In the past, methods for estimating such motion vectors have been so expensive that it was only cost-effective to perform motion-estimation and/or motion-compensation (ME/MC) in high-end video processors. However, recent advances in technology and reductions in cost have changed this situation, and ME/MC algorithms have become cost-effective in many consumer-level devices. ME/MC is currently being developed for, if not actively used in, current generation televisions, set-top boxes, DVD-players, and various other devices, to perform, for example, temporal filtering, de-interlacing, frame rate conversions, cross chroma reduction.

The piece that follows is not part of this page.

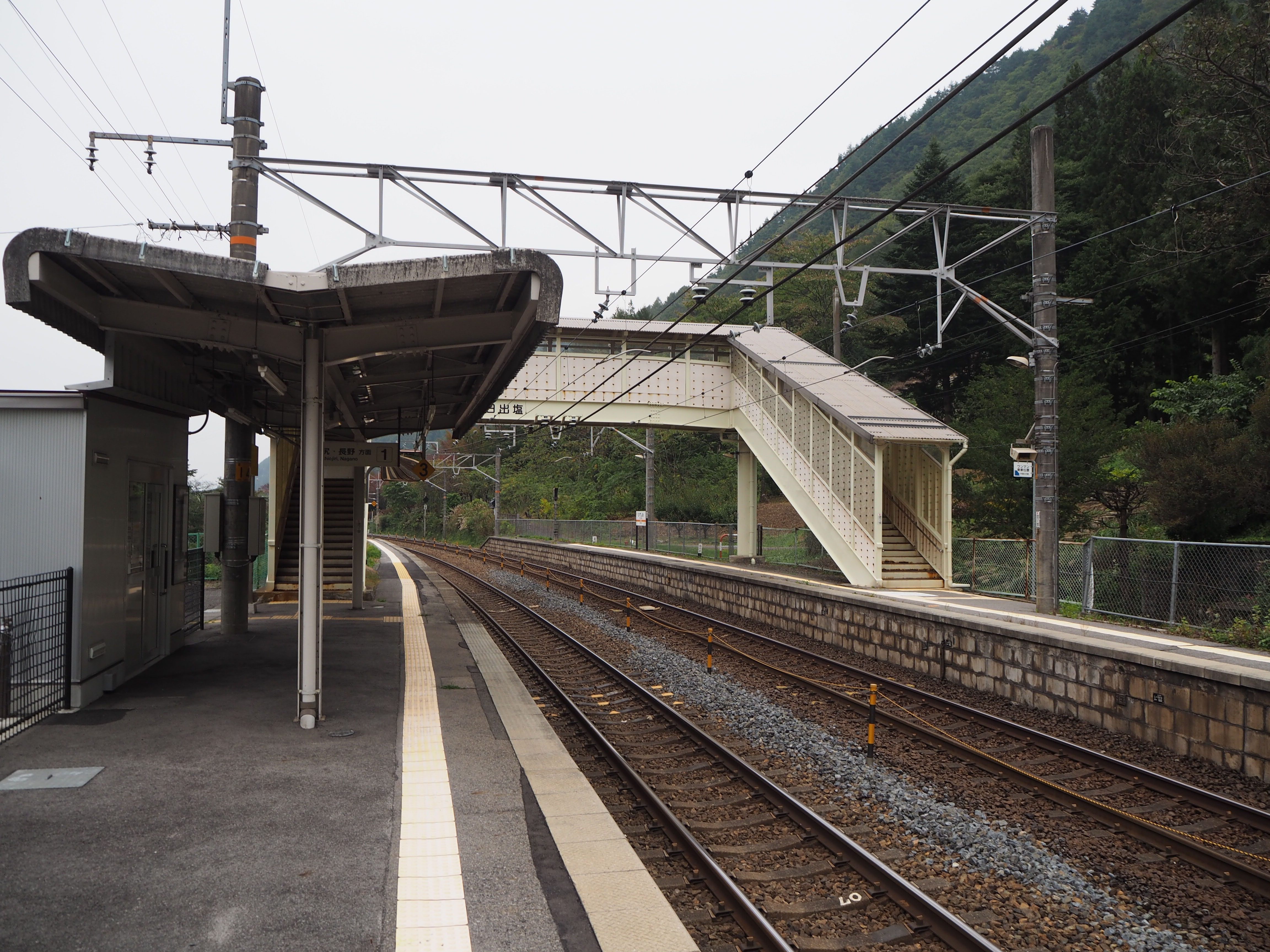 Platforms of Hideshio Station

Accordingly, in many video processing applications, it may be useful to have knowledge of the motion that occurs from picture to picture. Video processing methods generally strive to accurately model motion between pictures for use with compression algorithms. One method is to double a display rate of a video sequence by repeating every picture twice. However, such picture repetition may result in motion judder or judder. Accordingly, various video processing standards, such as, for example, MPEG1 and MPEG2, may compress video using more sophisticated methods to estimate motion between pictures. Decoding such compressed video data may result in pictures, which may have other artifacts.
Further limitations and disadvantages of conventional and traditional approaches will become apparent to one of skill in the art, through comparison of such systems with some aspects of the present invention as set forth in the remainder of the present application with reference to the drawings.